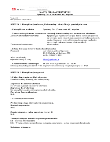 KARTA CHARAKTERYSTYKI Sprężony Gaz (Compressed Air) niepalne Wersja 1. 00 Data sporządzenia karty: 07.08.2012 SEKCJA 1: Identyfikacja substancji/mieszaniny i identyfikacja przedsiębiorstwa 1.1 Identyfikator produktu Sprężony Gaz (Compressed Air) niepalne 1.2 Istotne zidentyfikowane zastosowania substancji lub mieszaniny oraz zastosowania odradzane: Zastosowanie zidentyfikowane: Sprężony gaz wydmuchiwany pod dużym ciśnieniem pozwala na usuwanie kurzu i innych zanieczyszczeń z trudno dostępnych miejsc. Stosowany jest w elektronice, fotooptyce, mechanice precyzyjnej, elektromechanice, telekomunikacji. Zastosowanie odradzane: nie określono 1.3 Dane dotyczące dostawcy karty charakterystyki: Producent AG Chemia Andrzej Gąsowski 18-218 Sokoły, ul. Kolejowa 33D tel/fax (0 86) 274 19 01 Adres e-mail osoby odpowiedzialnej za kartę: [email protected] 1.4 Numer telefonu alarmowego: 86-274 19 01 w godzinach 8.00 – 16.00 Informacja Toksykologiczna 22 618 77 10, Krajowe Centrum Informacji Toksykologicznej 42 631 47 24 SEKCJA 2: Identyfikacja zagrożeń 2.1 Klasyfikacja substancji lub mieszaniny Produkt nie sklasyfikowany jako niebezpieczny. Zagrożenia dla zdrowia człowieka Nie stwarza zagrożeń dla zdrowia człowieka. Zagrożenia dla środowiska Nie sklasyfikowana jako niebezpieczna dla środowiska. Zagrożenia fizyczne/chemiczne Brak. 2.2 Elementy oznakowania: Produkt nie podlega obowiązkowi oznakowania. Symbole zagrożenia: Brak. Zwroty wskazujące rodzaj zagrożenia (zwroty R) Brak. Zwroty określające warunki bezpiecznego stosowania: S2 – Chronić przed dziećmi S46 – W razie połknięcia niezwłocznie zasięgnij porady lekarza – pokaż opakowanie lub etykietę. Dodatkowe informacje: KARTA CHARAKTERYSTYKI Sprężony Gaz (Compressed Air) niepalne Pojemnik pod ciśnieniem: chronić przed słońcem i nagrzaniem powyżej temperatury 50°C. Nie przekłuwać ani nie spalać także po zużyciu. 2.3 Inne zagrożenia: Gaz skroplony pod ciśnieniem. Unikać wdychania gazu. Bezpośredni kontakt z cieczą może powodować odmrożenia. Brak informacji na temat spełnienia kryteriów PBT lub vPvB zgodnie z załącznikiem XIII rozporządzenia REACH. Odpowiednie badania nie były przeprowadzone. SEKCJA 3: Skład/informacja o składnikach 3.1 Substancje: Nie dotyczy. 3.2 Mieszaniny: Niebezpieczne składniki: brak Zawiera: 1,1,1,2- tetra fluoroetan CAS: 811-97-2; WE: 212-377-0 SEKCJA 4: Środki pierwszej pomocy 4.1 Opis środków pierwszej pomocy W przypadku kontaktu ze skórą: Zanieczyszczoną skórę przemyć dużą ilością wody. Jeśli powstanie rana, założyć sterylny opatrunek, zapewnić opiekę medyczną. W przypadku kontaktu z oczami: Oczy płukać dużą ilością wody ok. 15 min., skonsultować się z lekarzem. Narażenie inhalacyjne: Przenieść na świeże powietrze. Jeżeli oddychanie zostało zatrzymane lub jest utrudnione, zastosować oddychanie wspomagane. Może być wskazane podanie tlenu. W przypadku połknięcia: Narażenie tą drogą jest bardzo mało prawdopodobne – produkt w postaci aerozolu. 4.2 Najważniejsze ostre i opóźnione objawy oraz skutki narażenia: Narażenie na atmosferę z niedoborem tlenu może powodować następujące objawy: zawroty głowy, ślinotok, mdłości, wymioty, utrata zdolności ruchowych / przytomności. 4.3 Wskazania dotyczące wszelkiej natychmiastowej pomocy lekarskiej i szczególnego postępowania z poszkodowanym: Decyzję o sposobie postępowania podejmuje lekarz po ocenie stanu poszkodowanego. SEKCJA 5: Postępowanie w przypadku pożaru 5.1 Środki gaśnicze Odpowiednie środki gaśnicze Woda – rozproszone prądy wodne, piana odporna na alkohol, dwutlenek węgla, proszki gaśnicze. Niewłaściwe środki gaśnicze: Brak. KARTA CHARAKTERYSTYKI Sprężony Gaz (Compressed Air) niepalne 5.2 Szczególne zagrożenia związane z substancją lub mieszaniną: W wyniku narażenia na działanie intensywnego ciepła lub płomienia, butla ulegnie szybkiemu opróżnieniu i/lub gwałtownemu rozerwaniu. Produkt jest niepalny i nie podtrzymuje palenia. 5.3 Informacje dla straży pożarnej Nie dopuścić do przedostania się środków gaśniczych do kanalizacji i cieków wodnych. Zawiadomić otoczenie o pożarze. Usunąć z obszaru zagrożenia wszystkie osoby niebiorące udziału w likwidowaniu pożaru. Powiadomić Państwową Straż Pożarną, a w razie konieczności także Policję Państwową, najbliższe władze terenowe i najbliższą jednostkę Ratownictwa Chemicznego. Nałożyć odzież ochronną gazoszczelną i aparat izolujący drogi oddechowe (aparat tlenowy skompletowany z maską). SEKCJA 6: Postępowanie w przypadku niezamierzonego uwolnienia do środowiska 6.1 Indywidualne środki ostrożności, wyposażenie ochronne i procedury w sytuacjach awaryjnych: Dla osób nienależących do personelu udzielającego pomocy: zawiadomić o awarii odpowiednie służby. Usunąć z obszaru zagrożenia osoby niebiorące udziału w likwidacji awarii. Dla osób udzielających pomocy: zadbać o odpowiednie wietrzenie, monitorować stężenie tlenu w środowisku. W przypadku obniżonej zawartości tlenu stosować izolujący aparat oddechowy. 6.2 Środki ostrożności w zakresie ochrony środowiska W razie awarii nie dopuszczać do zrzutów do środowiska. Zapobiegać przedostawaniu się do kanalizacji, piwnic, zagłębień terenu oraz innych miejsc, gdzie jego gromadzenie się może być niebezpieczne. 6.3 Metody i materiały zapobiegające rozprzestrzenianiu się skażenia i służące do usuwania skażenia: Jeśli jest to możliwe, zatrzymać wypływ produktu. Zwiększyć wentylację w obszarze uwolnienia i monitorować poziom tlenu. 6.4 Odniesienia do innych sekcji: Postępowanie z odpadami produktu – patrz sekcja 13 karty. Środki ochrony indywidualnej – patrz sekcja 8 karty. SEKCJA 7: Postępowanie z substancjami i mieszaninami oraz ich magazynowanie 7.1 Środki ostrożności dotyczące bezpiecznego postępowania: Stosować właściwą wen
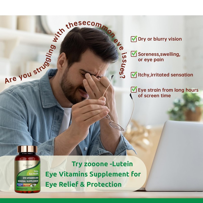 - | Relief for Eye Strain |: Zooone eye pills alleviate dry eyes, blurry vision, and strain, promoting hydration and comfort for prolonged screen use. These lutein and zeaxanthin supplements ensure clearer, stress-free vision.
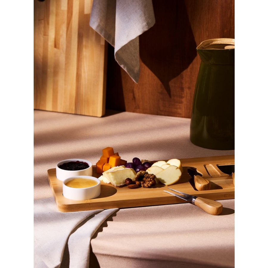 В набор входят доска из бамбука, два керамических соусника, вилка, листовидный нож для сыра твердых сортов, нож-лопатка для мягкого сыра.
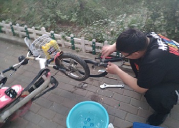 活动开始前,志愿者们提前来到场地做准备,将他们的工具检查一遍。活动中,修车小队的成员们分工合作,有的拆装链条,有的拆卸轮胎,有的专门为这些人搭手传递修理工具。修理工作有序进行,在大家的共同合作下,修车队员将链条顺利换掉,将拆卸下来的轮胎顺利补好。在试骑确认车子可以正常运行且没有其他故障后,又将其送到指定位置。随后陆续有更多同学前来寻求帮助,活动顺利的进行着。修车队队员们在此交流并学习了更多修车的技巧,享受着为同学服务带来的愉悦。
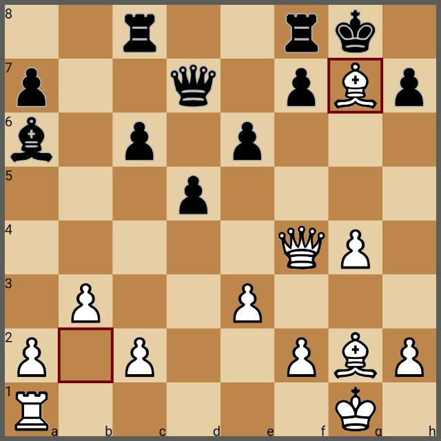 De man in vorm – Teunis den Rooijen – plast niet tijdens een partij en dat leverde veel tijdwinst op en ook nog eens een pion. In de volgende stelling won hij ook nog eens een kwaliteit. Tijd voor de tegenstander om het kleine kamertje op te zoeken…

┄┄┄┄┄┄┄┄┄┄

**What needs to be done:**
Reproduce exactly and only the lines from the "В набор входят" line to the last line of the records above. Do not carry over any pictures.

**Reply:**
 В набор входят доска из бамбука, два керамических соусника, вилка, листовидный нож для сыра твердых сортов, нож-лопатка для мягкого сыра.
 活动开始前,志愿者们提前来到场地做准备,将他们的工具检查一遍。活动中,修车小队的成员们分工合作,有的拆装链条,有的拆卸轮胎,有的专门为这些人搭手传递修理工具。修理工作有序进行,在大家的共同合作下,修车队员将链条顺利换掉,将拆卸下来的轮胎顺利补好。在试骑确认车子可以正常运行且没有其他故障后,又将其送到指定位置。随后陆续有更多同学前来寻求帮助,活动顺利的进行着。修车队队员们在此交流并学习了更多修车的技巧,享受着为同学服务带来的愉悦。
 De man in vorm – Teunis den Rooijen – plast niet tijdens een partij en dat leverde veel tijdwinst op en ook nog eens een pion. In de volgende stelling won hij ook nog eens een kwaliteit. Tijd voor de tegenstander om het kleine kamertje op te zoeken…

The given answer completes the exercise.